Crechale considered piano and accounting as college majors but felt the opportunities to earn a living were better with accounting. A Philadelphia native, she worked in audit for an accounting firm and as financial officer with a lumber company.

“In public accounting there’s something new every day,” she said. “I’ve been doing retirement planning work full time for the last 15 years. I work with all sizes of clients. The largest has 5,000 employees.”

Odd man out? Not at all

At 43, Necaise is the youngest of the partners and doesn’t see working in a woman-majority firm any different. ‘We’re all CPAs and trying to give a quality product,” he said. “There are no disagreements because I’m a man and they’re women. We have some differences of opinions, but work them out to do the best thing.”

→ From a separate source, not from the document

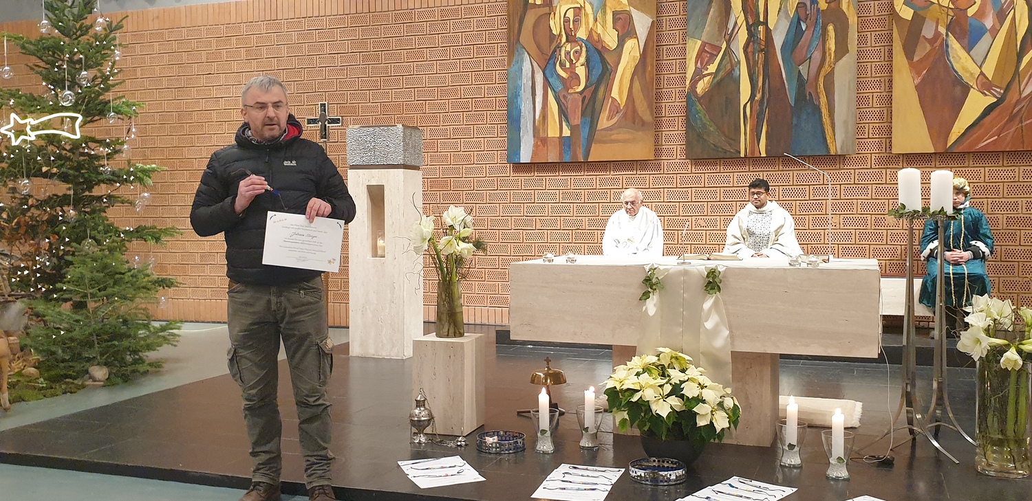 Am 7. Jänner 1800 Uhr kehrten die Sternsinger in die Kirche zurück und die Pfarrgemeinde feierte die Messe mit ihnen, wo die Sternsinger noch einmal die frohe Botschaft verkündigten. Zum Schluß bedankten sich Pater Rijo und Diakon Dr. Peter Zotti ganz herzlich bei den Sternsingern und lobten ihr Engagement. Organisator der Sternsingeraktion und Pfarrgemeinderat Andi Reisner übergab dann noch Erinnerungurkunden an die Sternsinger und deren Begleitpersonen.

He describes his partners as team workers and friends. All of the eight employees are women, too; something he says was not by design. “We have not purposely not hired men, and we will hire men in the future as we grow,” he said. “Most of our employees came with us from other firms because we knew them and knew their skills.”

Originally from Necaise Crossing in Hancock County, he does a lot of work with income taxes and small business consulting. A former small business owner, he brings that experience to the firm and likes to start with new business owners and grow with them.

Burgess said, “We take work seriously but throw in some fun and special lunches. Everyone in the firm is a second family for us, and we have to laugh sometimes. There’s a lot more to life than collecting paychecks.”